The UK’s Financial Conduct Authority (FCA) has just sealed the fate of digital asset firms with a sweeping set of rules that will take effect on 25 October 2027. The new framework, announced after an extensive consultation period, will require every company that trades cryptocurrencies or issues stablecoins to obtain FCA authorisation before the deadline. By codifying capital adequacy, stress‑testing, and market‑integrity safeguards, the regulator is positioning the UK’s crypto sector on a footing comparable to traditional financial services while addressing the unique risks of digital assets.

Capital buffers and stress testing sit at the heart of the FCA’s mandate. Firms will need to demonstrate that they can withstand market shocks and maintain liquidity, mirroring the prudential standards applied to banks and insurers. The rules also introduce targeted measures to deter insider trading and market manipulation, including real‑time monitoring of order flows and stricter disclosure requirements. Recognising the speed of price discovery in crypto markets, the regulator has crafted trading rules that acknowledge the distributed ledger infrastructure and the rapid turnover of assets.

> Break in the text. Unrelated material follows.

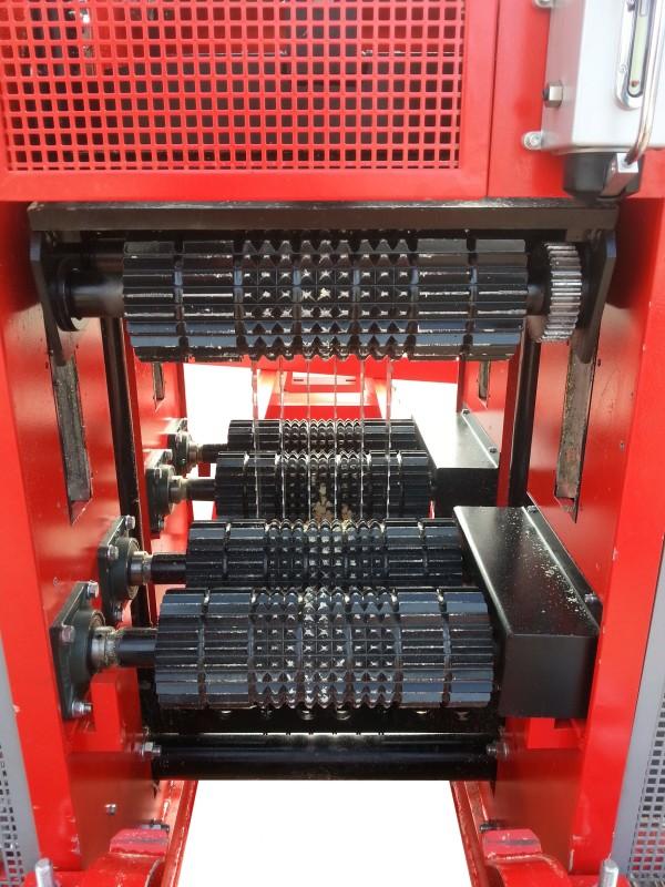 odebírač prken, pohon kulatiny posuvu oboustranný

Stablecoins, the most widely used digital assets in payments and settlement, receive a tailored treatment. The FCA has lowered the capital requirement for issuers to reserves equal to 1 % of the total value of stablecoins they issue, a reduction from the 2 % level that was initially proposed. In addition, the new trading rules align more closely with how stablecoins function in the real economy, setting clearer guidelines for liquidity provision, settlement, and cross‑border use.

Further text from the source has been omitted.